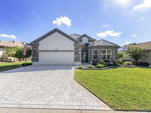 Located in the gated community of Terra Vista, this stunning Hunt Club residence offers custom design and numerous upgrades. With 2,492 square feet, the home includes two bedrooms, a dedicated office or optional third bedroom and immaculate finishes throughout. Why wait on new construction when this home is ready now with top-tier features at every turn. Only the best of the best for this beautiful home. Interior highlights include soaring ceilings, marble flooring throughout, 8-foot doors, lighted tray ceilings and a custom entertainment center in the great room. Premium details include upgraded top-of-the-line flooring, countertops, lighting and custom window coverings, Hunter Douglas Power Sheer Shades and plantation shutters. The kitchen showcases a large 11-foot island with cabinetry on both ends, quartz countertops, marble backsplash, KitchenAid appliances, custom glass cabinets with interior lighting, LED underlighting and dual cabinet pantry with pull-out drawers. The built-out laundry room offers additional storage and workspace. The primary suite provides two walk-in closets, dual vanities and a spacious walk-in shower. An expanded guest suite features a full walk-in shower, while the additional flex room could be used as an office, playroom or a third bedroom. Unmatched elegance in outdoor living where the beautiful Travertine tiled lanai overlooks the sparkling saltwater pool with water feature. For your entertaining needs, an outdoor kitchen featuring Firemagic 36" Echelon Diamond Grill with digital controls and rotisserie, providing unlimited entertainment for your friends and family. Built with energy efficiency in mind, the residence includes core foam insulation in the concrete block, a radiant barrier on the roof decking and an upgraded HVAC system with integrated climate and humidity control. The 24-by-24-foot garage with an 18-foot door provides ample storage for vehicles and recreational equipment. Terra Vista offers three 18-hole golf courses, a spa and fitness center, dining venues, tennis courts, a dog park, trails and more. A full list of amenities is available on the Citrus Hills website.
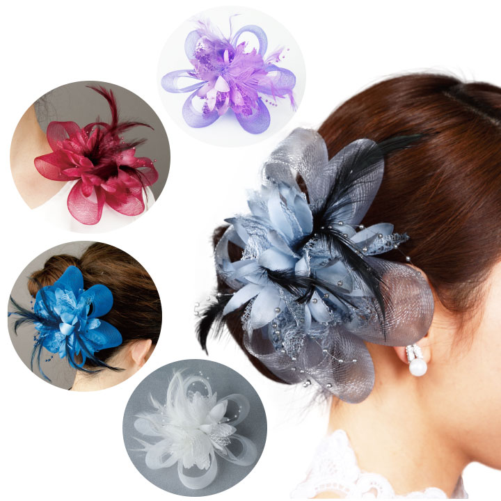 チュールネットの上に花びらやビーズ、羽根などをあしらったモチーフ。 クリップ付なので、コサージュ以外にもヘアアクセとしても使えて様々なシーンで活躍します。 | |
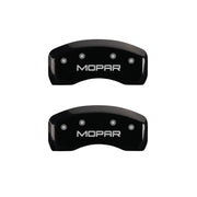 Lot de 4 couvre-étriers, gravés avant et arrière : MOPAR, finition poudre noire, caractères argentés.
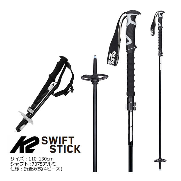フリーライドスキー ストック K2 スキーポール SWIFT STICK 110-130cm 折畳み&伸縮式 ツアースキー (23-24 2024)
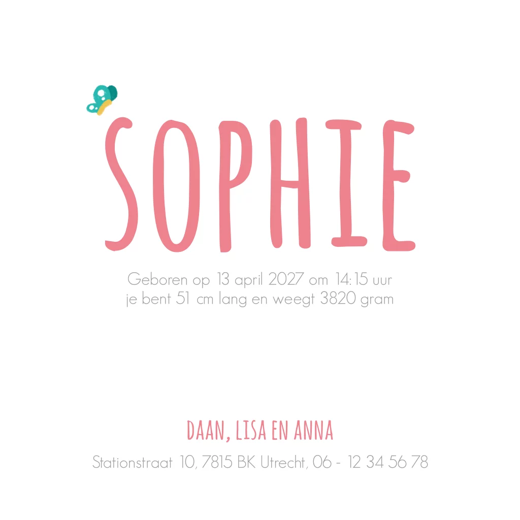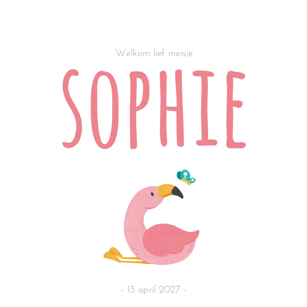 Lief geboortekaartje in roze tinten voor een meisje. Met een getekende flamingo en vlindertjes. Alle elementen op de kaart zijn los en naar wens aan te passen. (21272)
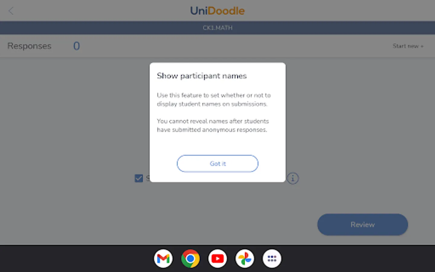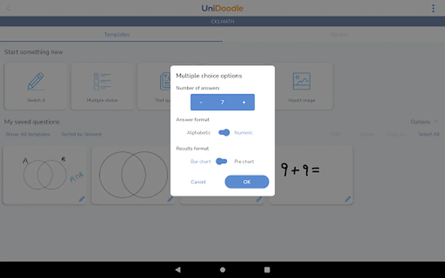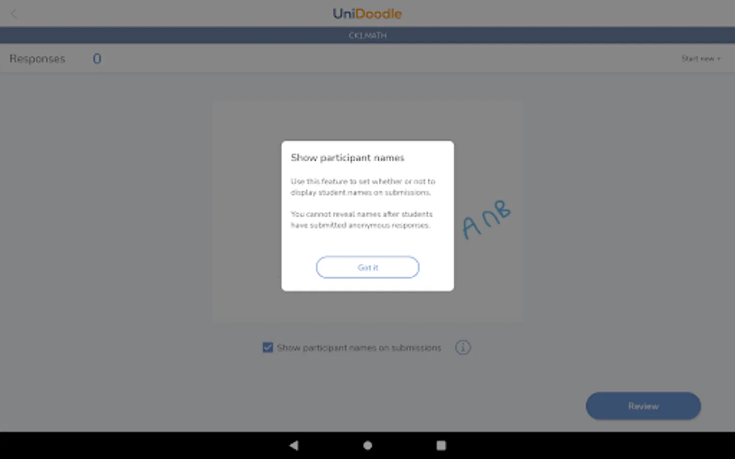 The teacher's version of UniDoodle - a classroom response system which allows students to quickly submit sketch-style answers via their Android device to questions asked by their teacher in class.
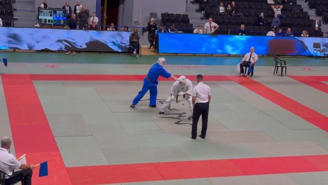 14.12.2025 в Москве прошло Первенство России по кудо. Финал в категории до 270+ ед. 16-17 лет. В синем Михаил Кулаков (ДВФО, Приморский край), в белом Кирилл Колесниченко (ЦФО, Белгородская обл.).
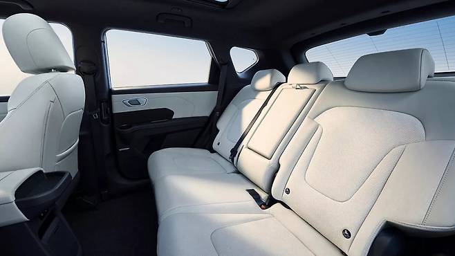 가장 눈에 띄는 건 실내다. 센터콘솔 왼쪽 끝에서 조수석 앞까지 이어지는 27인치 듀얼 스크린이 압도적인 존재감을 뽐낸다. 4K 해상도를 지원하는 이 거대한 스크린은 테슬라는 물론 중국 전기차 브랜드들도 주목할 만한 크기다. 여기에 운전석 정면에는 별도의 계기판 스크린까지 더해져 완전한 디지털 콕핏을 완성했다.
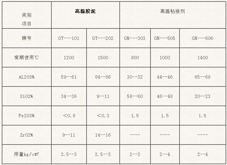 高溫膠泥主要用于纖維爐襯的表面涂層,其功能:一是保護纖維及制品表面,增強高溫火焰和氣流的沖刷,提高爐襯壽命。二是提高纖維及制品的絕熱效果。三是涂層熱輻射率大大高于纖維制品,提高了內襯的輻射傳熱效率,更好的發揮纖維制品的隔熱效果。高溫粘接劑是為纖維內襯鋪貼用的連接材料。

Problem description:
Go back to the listing above and write out the lines starting at the one with "Lot de 4 couvre-étriers, gravés" and ending at the one with "フリーライドスキー ストック K2", inclusive, exactly and without pictures.

Expected output:
 Lot de 4 couvre-étriers, gravés avant et arrière : MOPAR, finition poudre noire, caractères argentés.
フリーライドスキー ストック K2 スキーポール SWIFT STICK 110-130cm 折畳み&伸縮式 ツアースキー (23-24 2024)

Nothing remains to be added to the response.